(Items from a data source)
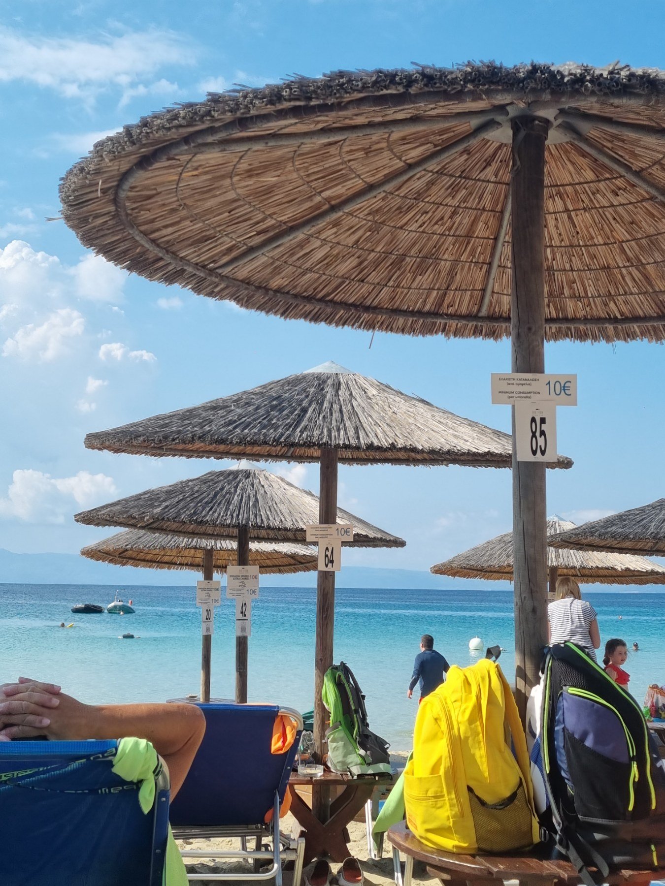 Да дам и моето мнение за Амулияни. Скоро не бяхме ходили в "близката" Гърция , но за инцидентни 4 нощувки решихме, че не си заслужава да ходим по-далеч. Първият ден докато се настаним и хапнем стана 16:00 и решихме с колата на най-близкия и популярен плаж - Alikes. Там беше лудница. Снимах от пътеката зад чадърите цените. Първи ред 15е+10е мин.консумация, втори 10е+10е, а 3 и 4-и ред само 10е консумация за ползването им.
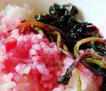 食譜原料:紫莧菜250克,粳米100克,精鹽、味精、豬油各適量
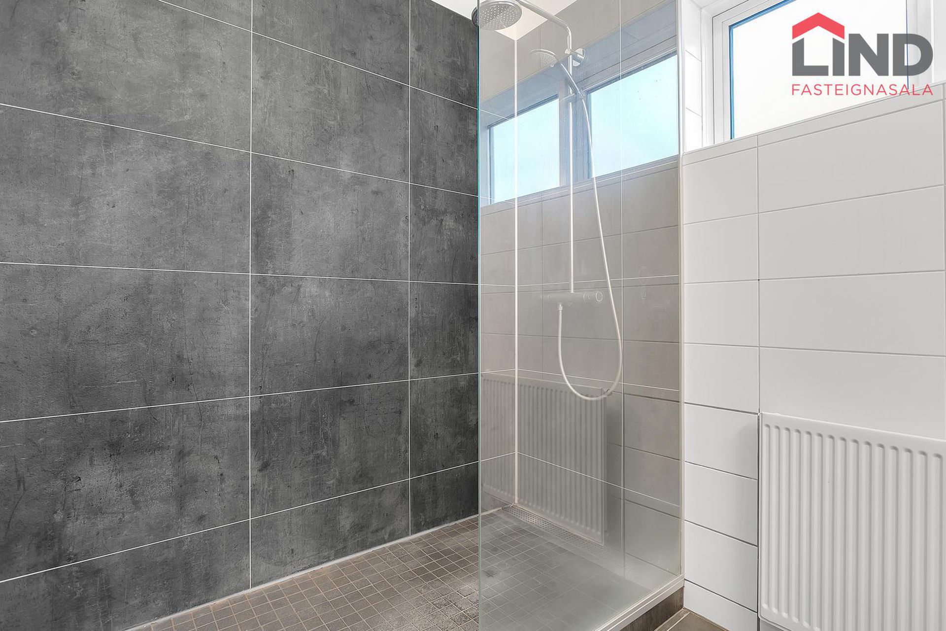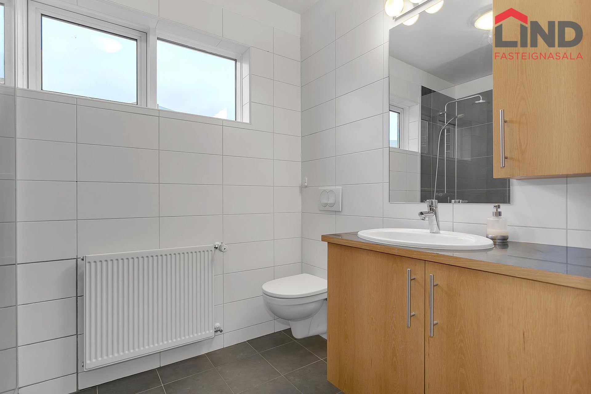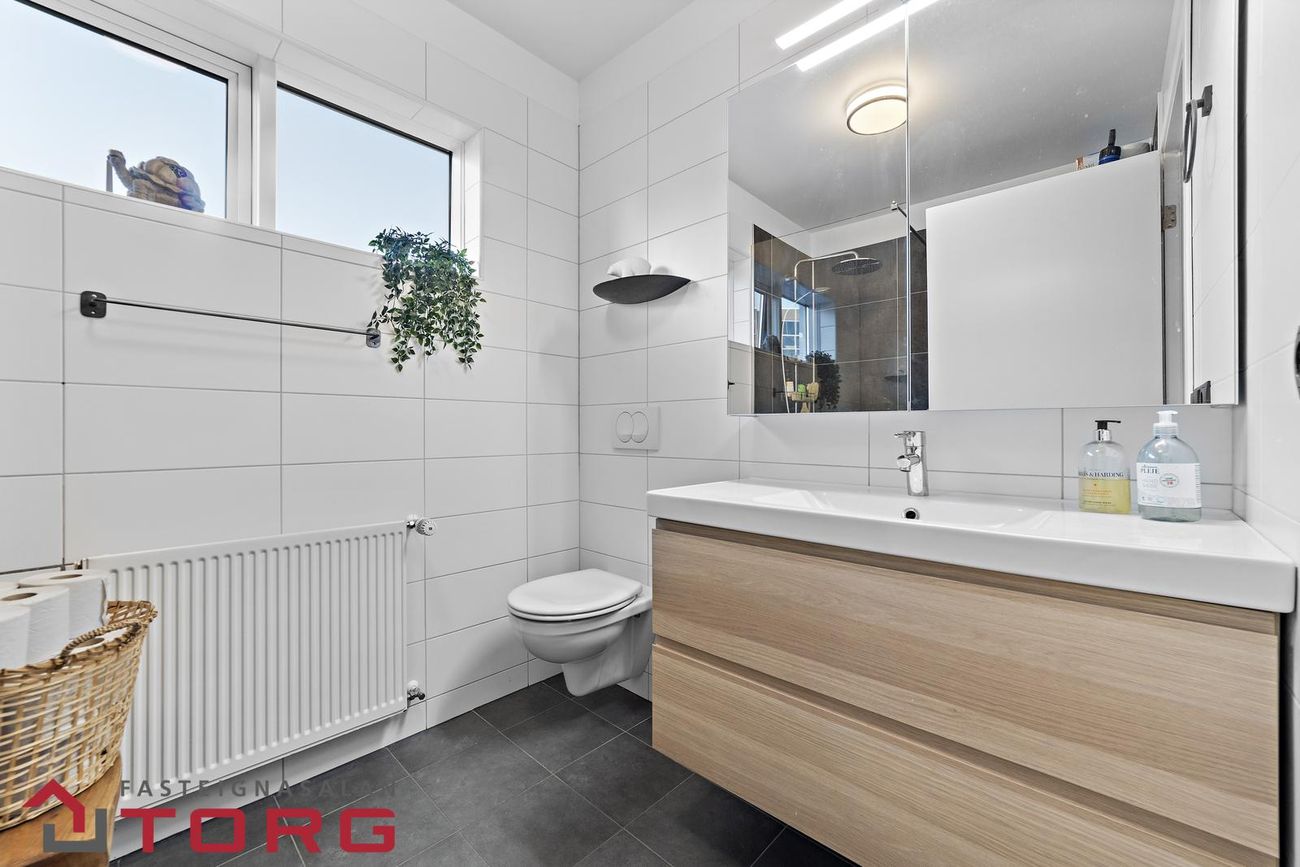 Baðherbergi. Flísalagt baðherbergi. Speglaskápur og innrétting frá 2024. Upphengt salerni, walk in sturta. Gluggar.
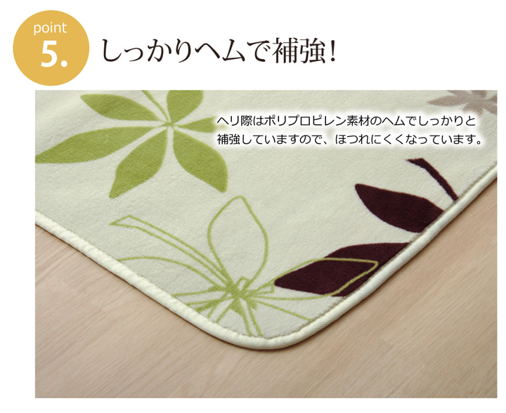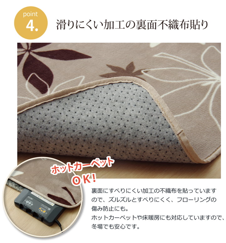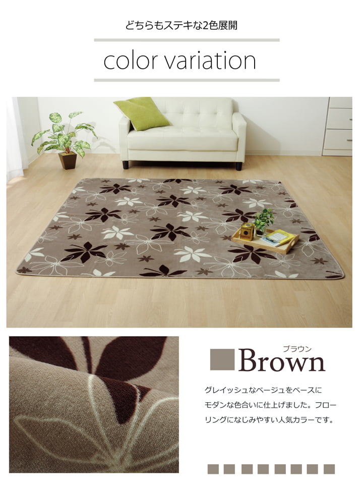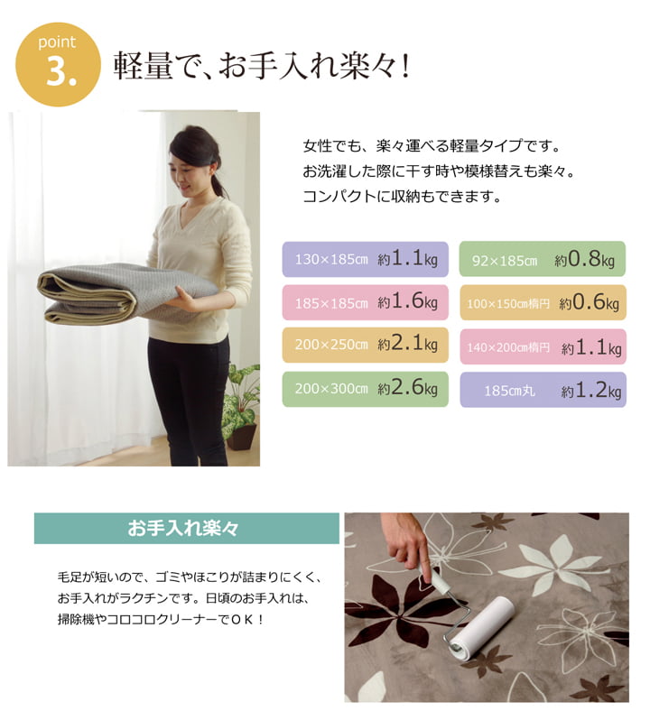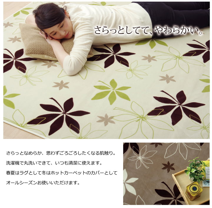 | 生地に抗菌・防臭加工を施した、ラグカーペットです。表地にはフランネルと呼ばれる、しっとりとして非常に柔らかい生地を使用しています。軽量で持ち運びが楽々です。薄手で小さく折りたたむことができますので、収納時にも場所を取りません。フローリングを傷つけにくいよう、裏には不織布を貼っています。ご家庭の洗濯機で洗えるウォッシャブル仕様ですので、清潔にご使用頂けます。電気カーペットカバーとしてもご使用頂けます。季節を選ばすオールシーズンご使用頂けます。多サイズ展開で、ワンルームから子ども部屋、リビング・ダイニング、ベッドサイド、ソファ前にも。いろいろなシーンに合わせてお選び下さい。 |
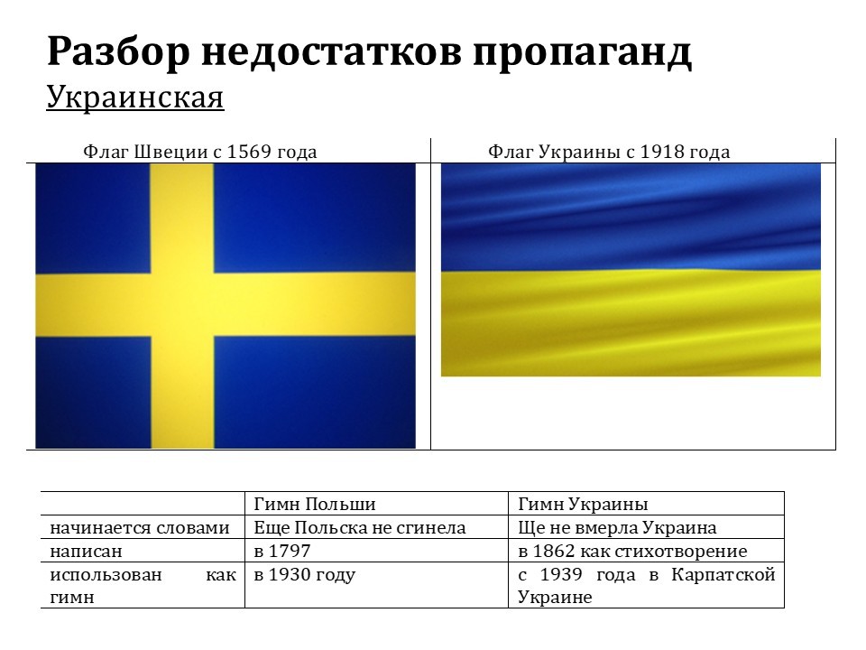 Те, кто смеётся над Украиной, говорят, что они подобрали под Полтавой обрывки шведских флагов после того, как русские разгромили Карла XII. На самом деле, это почти правда. Потому что, когда они изменили России и воевали на стороне Карла XII, они в петлички себе вставляли сине-жёлтые ленточки, чтобы как-то отличаться. Вот, действительно, они флага своего тогда не имели совсем.
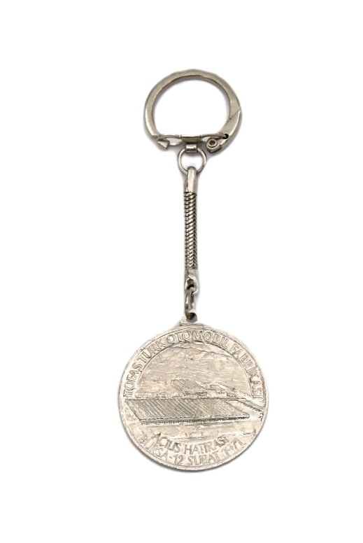 Murat 124 anahtarlık, Tofaş Türk Otomobil Fabrikası Açılış Hatırası Bursa - 12 Şubat 1971 yazılı, 3.5x3.5 cm
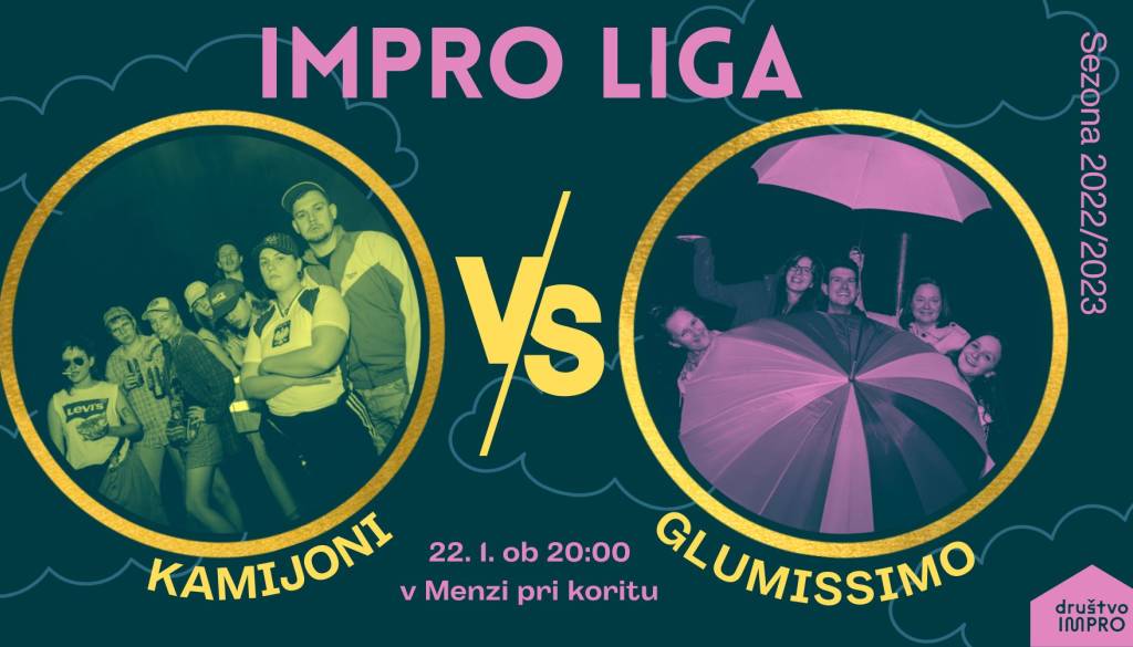 Improvizatorji se že ogrevajo za drugo borbo drugega kroga Impro liga tekem te sezone! Tokrat na eni strani odra ekipa Kamijoni, z trdnostjo železa in smoga, na drugi pa Glumissimo, ki se izglumijo iz še tako kočljive situacije.
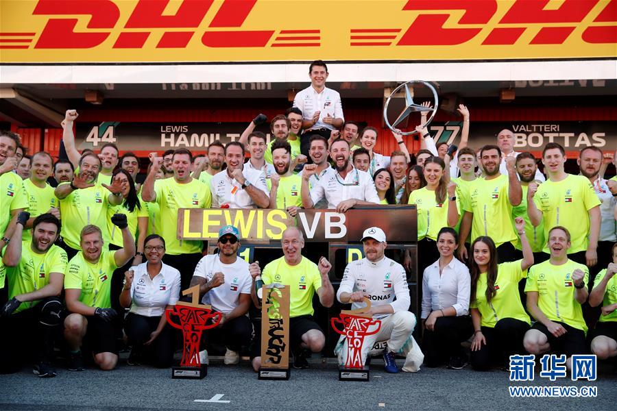 汉密尔顿(第一排,左四),博塔斯(第一排,右四)赛后与工作人员合影。 新华社/路透
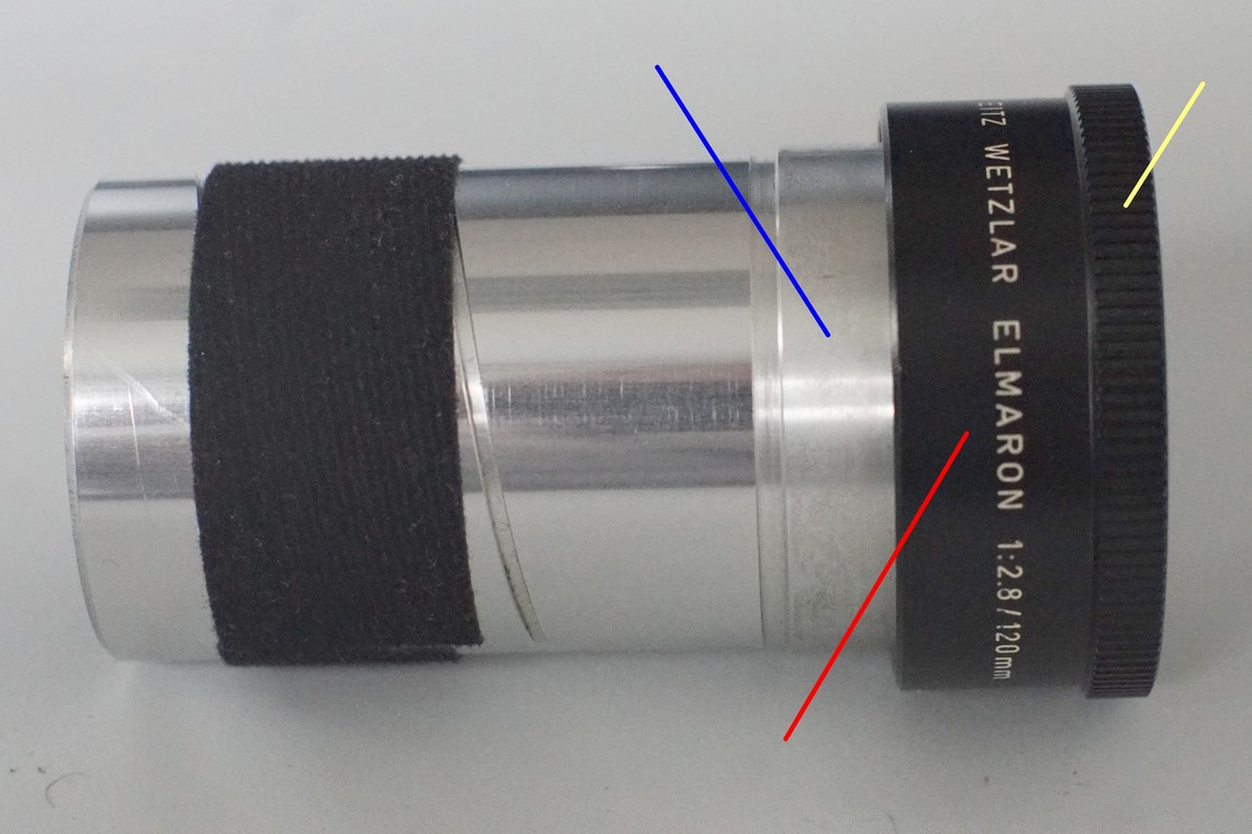 ROT und GELB zusammen sind "der Hut", BLAU ist beim Elmaron die Tubus Verdickung, die sich nicht in das 42.5 Gewinde des SFT versenken lässt ... weshalb ein verlängerter vorderer Tubus beim 42.5 SFT sinnvoll wäre.

### TASK
Each line from the one containing "汉密尔顿(第一排,左四),博" through the last line of the entries above is to be extracted exactly. Pictures are not part of the copy.

### RESULT OF THE EXERCISE
 汉密尔顿(第一排,左四),博塔斯(第一排,右四)赛后与工作人员合影。 新华社/路透
 ROT und GELB zusammen sind "der Hut", BLAU ist beim Elmaron die Tubus Verdickung, die sich nicht in das 42.5 Gewinde des SFT versenken lässt ... weshalb ein verlängerter vorderer Tubus beim 42.5 SFT sinnvoll wäre.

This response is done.